Zachodzi jeszcze pytanie, czy mózg może badać ducha — jego własny wytwór.
Zdaniem optymistów mózg i duch nie są jednym blokiem. Są one utworzone z wielu poziomów
strukturalnych i najwyższy posiada instrumenty, które pozwalają na obserwację innych.
Przykładem jest język, który nadaje duchowi moc klasyfikowania poznania i obserwacji
według zasad logiki.
Osiągnięcia neurologiczne
Dzisiaj rejestruje się bezpośrednio aktywność neuronów (wyizolowanych
lub w grupach) i łączy się je z pewnymi stanami psychicznymi, jak spostrzeganie koloru
czerwonego lub zakrzywionych linii. Techniki wyobraźni układu nerwowego, w tym tomologii
przez emisję pozytonów lub rezonans magnetyczny, wykrywają, jak różne regiony układu nerwowego
jakiejś osoby uczestniczą w danym wysiłku myślowym, np. łączenia słowa z obiektem lub
rozpoznania twarzy. Zaczyna się nawet znać molekuły, które wewnątrz mikroskopijnego
obwodu neurologicznego uczestniczą w zadaniach myślowych, i identyfikować geny,
które produkują te molekuły.
Czterdzieści lat temu David Hubel i Towsten Wiesel dostarczyli
pewnych dowodów na sposób, w jaki obwody nerwowe reprezentują formę obiektu; wykazali,
że pewne formy kory mózgowej, np. widzenia podstawowego, reagują specyficznie i są
skierowane w polu widzenia według dokładnych kątów. Następnie Huble i jego koleżanka
Margaret Himingstone wykazali, że inne neurony kory widzenia podstawowego
reagują selektywnie na kolory, ale nie na formy.
W college uniwersyteckim w Londynie Semir Zeki wykazał, że pewne regiony
mózgu, które otrzymują informacje sensoryczne po przejściu przez korę wizualną podstawową,
są wyspecjalizowane w traktowaniu kolorów lub ruchów.

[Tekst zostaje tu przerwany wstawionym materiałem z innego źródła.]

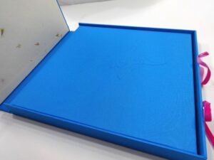 Este es un encargo que me hizo un diseñador. Me pasó el dibujo por email y con las medidas confeccioné el libro, lo encolé (páginas y todo) y lo llevé al carpintero para que lo serrara. Luego vino el trabajo de encolarlos de nuevo y terminar los acabados.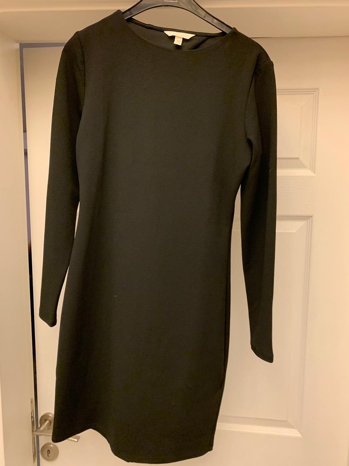 Siyah midi uzunlukta, uzun kollu ve yuvarlak yakalı kadın triko elbise. Sentetik kumaştan yapılmış, ofis için uygun, sade ve şık bir tasarıma sahip.

Te rezultaty wyjaśniły obserwacje dokonane na osobach mających anomalia
neurologiczne: zniszczenia poszczególnych regionów kory wizualnej zaburzały
spostrzegania kolorów bez zaburzania spostrzegania form czy ruchu. Na podstawie
zbioru danych można przypuszczać, że istnieje ścisła zależność między
strukturą obiektu widzianego przez oko i aktywnością neuronalną zgromadzoną w korze wizualnej organizmu, który widzi obiekt.
Procesy myślowe
Inni dokonali postępu w zrozumienia mechanizmów nauczania i pamięci.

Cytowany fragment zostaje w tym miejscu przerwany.